What are Kubernetes QoS classes and how do they affect eviction order?

Derived from requests/limits: Guaranteed (requests == limits for memory and CPU on every container), Burstable (at least one request below its limit), BestEffort (no requests or limits). Under node memory pressure the kubelet evicts BestEffort first, then Burstable pods exceeding their requests (ranked by overage), and Guaranteed last. So a BestEffort pod is a designed sacrificial victim, and anything that matters should be Guaranteed.

Tricky / Trap¶

Question 13¶

A Java service is repeatedly OOMKilled (exit 137), but every heap dump shows the heap at ~55% of -Xmx. The team raised -Xmx and it got worse. What's going on?
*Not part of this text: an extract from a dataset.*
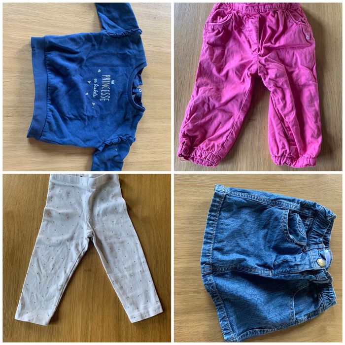 Ce lot comprend: 5 pantalons 4 legging 1 jupe 4 chemisiers 1 tee-shirt manches longues 1 pyjama chaud 1 sweat 3 combi short 3 robes manches longues 7 robes manches courtes 1 veste

The container is killed on total RSS (heap + native), not heap alone, and the culprit is off-heap memory: direct ByteBuffers, thread stacks from an unbounded pool, metaspace growth, JNI, or glibc arena fragmentation. The heap monitor is blind to all of it. Raising -Xmx made it worse because a bigger heap leaves less room for native memory inside the same fixed container, so the cgroup limit is hit sooner. Fix: size the heap down (MaxRAMPercentage=75), cap the off-heap source, enable Native Memory Tracking, and compare heap-used against container RSS — the gap is the native memory.

Question 14¶

A garbage-collected service has its CPU pinned at 100% with GC dominating, latency degraded 20×, but the process won't die. Is this a GC tuning problem?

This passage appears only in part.